**Work to be completed**
All of the data should be copied exactly, with the pictures left out.

**Available data**
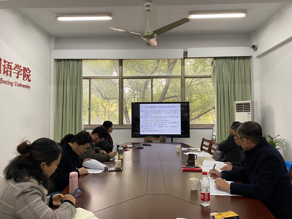 12月6日上午,外国语学院2020年度校级课程课改类项目结项验收评审会议在外语楼204会议室召开,对2017年和2018年立项的校级特色示范课(B1)、视频资源课(B2)和课堂教学改革项目(B4)进行结项验收。会议由喻锋平副院长主持,陶丹玉、张静、杨泓、鲁俊丰四位项目负责人参加验收答辩。
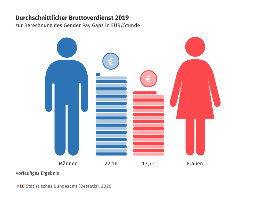 Frauen haben im Jahr 2019 in Deutschland 20 Prozent weniger verdient als Männer. Der Verdienstunterschied zwischen Frauen und Männern – der unbereinigte Gender Pay Gap – war damit um 1 Prozentpunkt geringer als in den Vorjahren. Wie das Statistische Bundesamt (Destatis) anlässlich des Equal Pay Day am 17. März 2020 anhand fortgeschriebener Ergebnisse der Verdienststrukturerhebung (VSE) mitteilt, verdienten Frauen mit durchschnittlich 17,72 Euro brutto in der Stunde 4,44 Euro weniger als Männer (22,16 Euro). 2018 hatte die Differenz 4,51 Euro betragen.
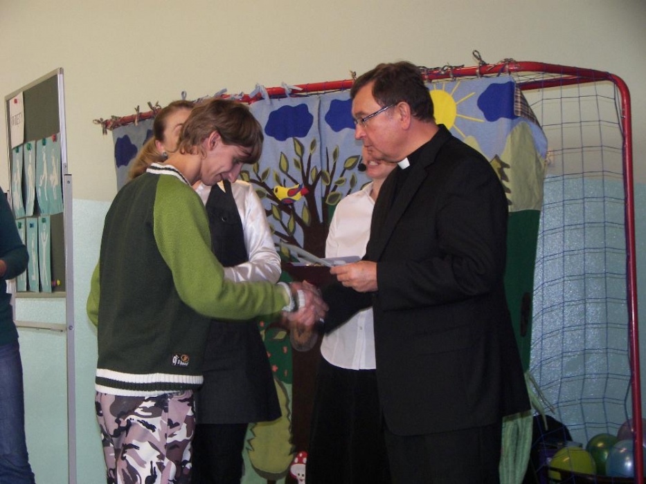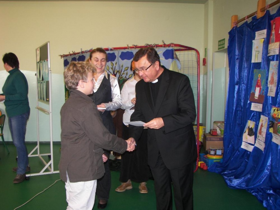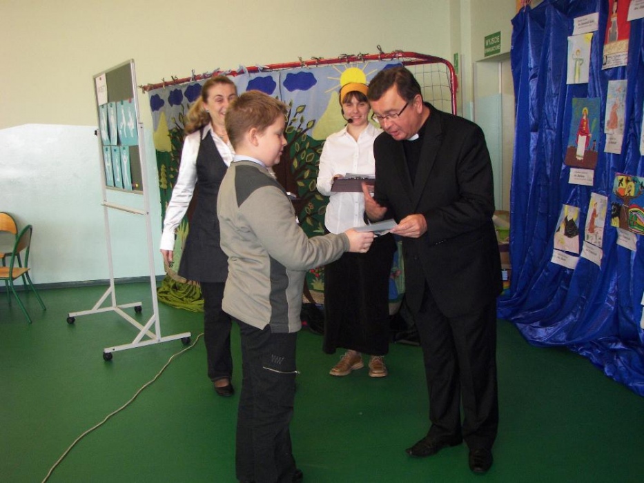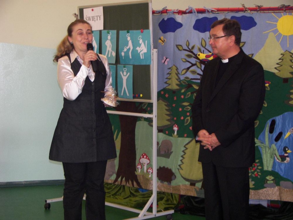 Podczas spotkania wspólnie zastanawialiśmy się jak zostać świętym. Pomogły w tym prezentacje sylwetek kilku świętych oraz zadania konkursowe, które wymagały współpracy wszystkich uczestników. Efekt, to: „przepis na świętego”: pomaga innym, jest pracowity, szanuje przyrodę, chętnie się uczy, jest dobrym kolegą, modli się, jest radosny i cieszy się życiem. Jak widać przepis jest możliwy do realizacji przez każdego z nas. W spotkaniu wzięli udział ksiądz dziekan dekanatu Rybnik Karol Matera oraz ksiądz Mariusz Dronszczyk – Dziękujemy za przybycie.
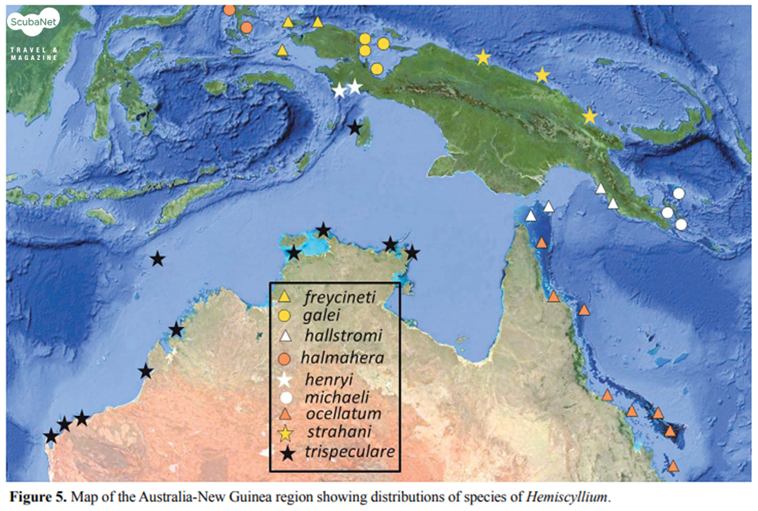 필자는 파푸아뉴기니 PNG의 투피 Tufi에서 야간 다이빙에서 Hemiscyllium michaeli을 촬영하였다. 이 종은 PNG의 밀른 베이 Milne Bay 근처에서만 발견되는 종으로 레오파드 에폴렛 상어 leopard epaulette shark 또는 밀른 에폴렛 상어 Milne epaulette shark라고도 한다. 또한 라자암팟에서 야간 다이빙 중에 Hemiscyllium freycineti를 촬영하였다. 이 종 역시 분포가 라자암팟으로 제한되며 영명으로 Indonesian speckled carpetshark이라고 한다. 이 둘은 같은 종으로 알고 있었지만 2010년 Gerald R. Allen and Cristine L. Dudgeon에 의해 다른 종이라는 것이 밝혀졌다.
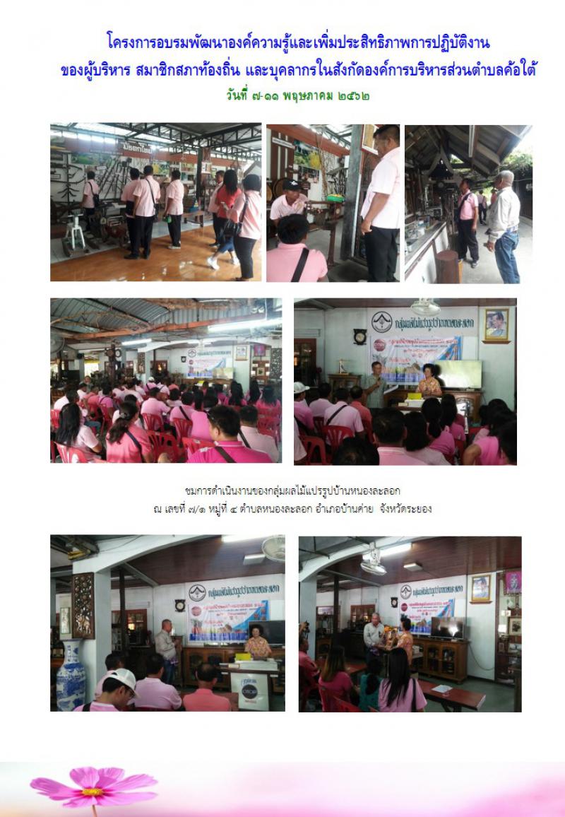 โครงการอบรมพัฒนาองค์ความรู้และเพิ่มประสิทธิภาพการปฏิบัติงานของผู้บริหาร สมาชิกสภาท้องถิ่น และบุคลากรในสังกัดองค์การบริหารส่วนตำบลค้อใต้ ประจำปีงบประมาณ พ.ศ. 2562

**Task output**
 12月6日上午,外国语学院2020年度校级课程课改类项目结项验收评审会议在外语楼204会议室召开,对2017年和2018年立项的校级特色示范课(B1)、视频资源课(B2)和课堂教学改革项目(B4)进行结项验收。会议由喻锋平副院长主持,陶丹玉、张静、杨泓、鲁俊丰四位项目负责人参加验收答辩。
 Frauen haben im Jahr 2019 in Deutschland 20 Prozent weniger verdient als Männer. Der Verdienstunterschied zwischen Frauen und Männern – der unbereinigte Gender Pay Gap – war damit um 1 Prozentpunkt geringer als in den Vorjahren. Wie das Statistische Bundesamt (Destatis) anlässlich des Equal Pay Day am 17. März 2020 anhand fortgeschriebener Ergebnisse der Verdienststrukturerhebung (VSE) mitteilt, verdienten Frauen mit durchschnittlich 17,72 Euro brutto in der Stunde 4,44 Euro weniger als Männer (22,16 Euro). 2018 hatte die Differenz 4,51 Euro betragen.
 Podczas spotkania wspólnie zastanawialiśmy się jak zostać świętym. Pomogły w tym prezentacje sylwetek kilku świętych oraz zadania konkursowe, które wymagały współpracy wszystkich uczestników. Efekt, to: „przepis na świętego”: pomaga innym, jest pracowity, szanuje przyrodę, chętnie się uczy, jest dobrym kolegą, modli się, jest radosny i cieszy się życiem. Jak widać przepis jest możliwy do realizacji przez każdego z nas. W spotkaniu wzięli udział ksiądz dziekan dekanatu Rybnik Karol Matera oraz ksiądz Mariusz Dronszczyk – Dziękujemy za przybycie.
 필자는 파푸아뉴기니 PNG의 투피 Tufi에서 야간 다이빙에서 Hemiscyllium michaeli을 촬영하였다. 이 종은 PNG의 밀른 베이 Milne Bay 근처에서만 발견되는 종으로 레오파드 에폴렛 상어 leopard epaulette shark 또는 밀른 에폴렛 상어 Milne epaulette shark라고도 한다. 또한 라자암팟에서 야간 다이빙 중에 Hemiscyllium freycineti를 촬영하였다. 이 종 역시 분포가 라자암팟으로 제한되며 영명으로 Indonesian speckled carpetshark이라고 한다. 이 둘은 같은 종으로 알고 있었지만 2010년 Gerald R. Allen and Cristine L. Dudgeon에 의해 다른 종이라는 것이 밝혀졌다.
 โครงการอบรมพัฒนาองค์ความรู้และเพิ่มประสิทธิภาพการปฏิบัติงานของผู้บริหาร สมาชิกสภาท้องถิ่น และบุคลากรในสังกัดองค์การบริหารส่วนตำบลค้อใต้ ประจำปีงบประมาณ พ.ศ. 2562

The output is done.